According to recent data, we can expect more institutional adoption of bitcoin post-halving. The year leading up to bitcoin’s third halving event saw more institutional involvement in the world’s most popular cryptocurrency than ever before, and now it seems the trend has picked up momentum in a big way.
In a world rife with inflation fears and stalled economic systems, bitcoin has emerged as a strong contender to many other asset classes, including gold. Rewards for mining a block on the bitcoin network are now just over 6 bitcoins, down from 12.5. The deflationary measure is built into the blockchain system and is currently proving to be an attractive feature for institutional investors.

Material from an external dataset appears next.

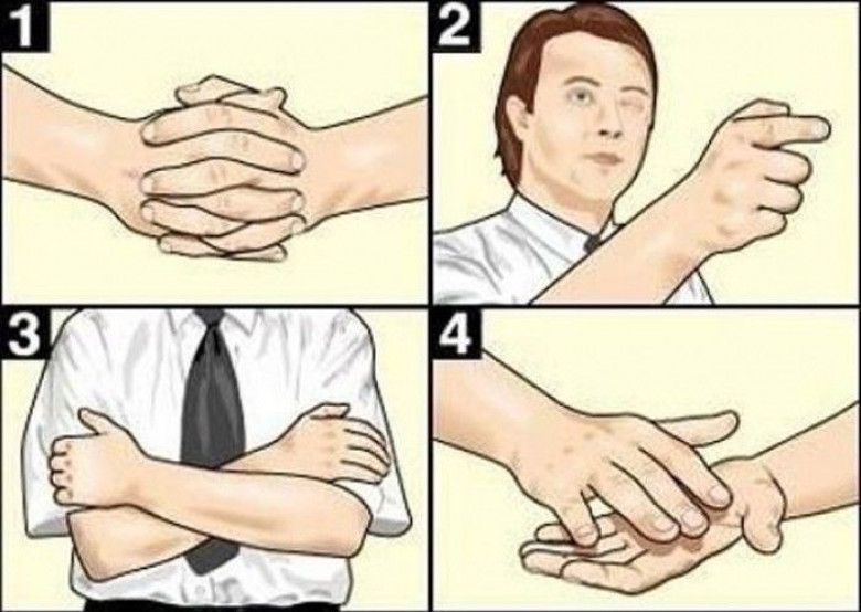 1.Փակեք ձեռքերը կողպեքի նման (ինչպես պատկերված  է 1 նկարում): Եթե վերևում ձախ ձեռքի բթամատն է, ապա թղթի վրա գրեք «Ձ»,  հակառակ դեպքում` «Ա»:

In the days leading up the bitcoin halving event to today, many firms offering BTC options have reported significant surges in options volume. On May 11th, CME option volume went from $11 million to more than $40 million just three days later, with more than $900 million in contract exchanges taking place over the same duration. Those numbers, for bitcoin, are significant and unprecedented.

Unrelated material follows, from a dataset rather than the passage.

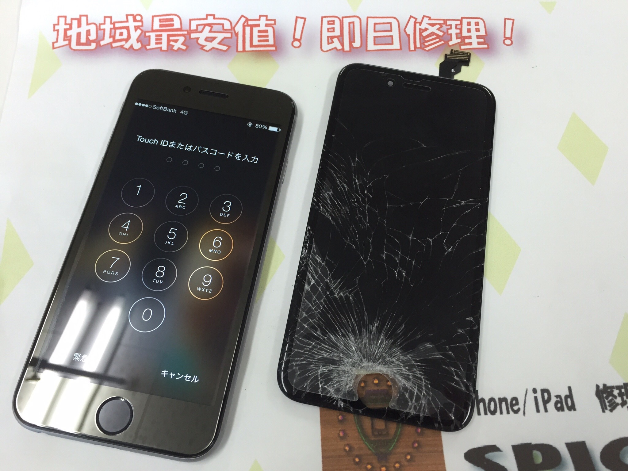 iPhone6 ガラス割れ修理 ¥24,800

In the run up to the bitcoin halving event, CME wasn’t the only firm getting ready for the bitcoin derivative storm. 3iQ Corp released a bitcoin fund on the Toronto Stock Exchange worth over $45 million. Another well-respected company in the cryptocurrency space, Grayscale, has seen record-breaking growth for its bitcoin futures offering in excess of $500 million. Grayscale now controls nearly 2% of all circulating bitcoin. Other companies dealing in digital assets, including Fidelity Digital Assets, and many others, have also reported increased interest and volume.
To put the increased institutional support into perspective, a look at some of the world’s most influential hedge fund managers and how they have now come into the cryptocurrency fold. One such example is Paul Tudor Jones who has given bitcoin a similar status to gold in its ability to protect investors from faltering economies. Paul Tudor Jones is a highly respected hedge fund manager for traditional markets and his endorsement may very well break the ice for many more like him to follow. Jones reportedly has up to 2% of his portfolio devoted to bitcoin.
This type of investor support also opens doors for advancements in how accessible bitcoin is to traditional and institutional investors. For example, when bitcoin futures and funds show up on stock exchanges, they come with a familiar brand of regulation that many investors find comfort in. That regulation allows investors to put their money into bitcoin much like they would any other asset class, without actually having to learn how cryptocurrencies work and how to access them. In short, these types of products promise to swing the doors to the cryptocurrency world wide open, and in a way that’s never been done before.
No one knows what the price action will look like for bitcoin over the coming weeks, months, and even years. However, when the world’s smart money is in, stability and growth are not far behind. Things to look out for now that would indicate even more institutional interest would be a growing number of bitcoin-related products on stock exchanges and a greater number of bitcoin derivatives being offered around the world.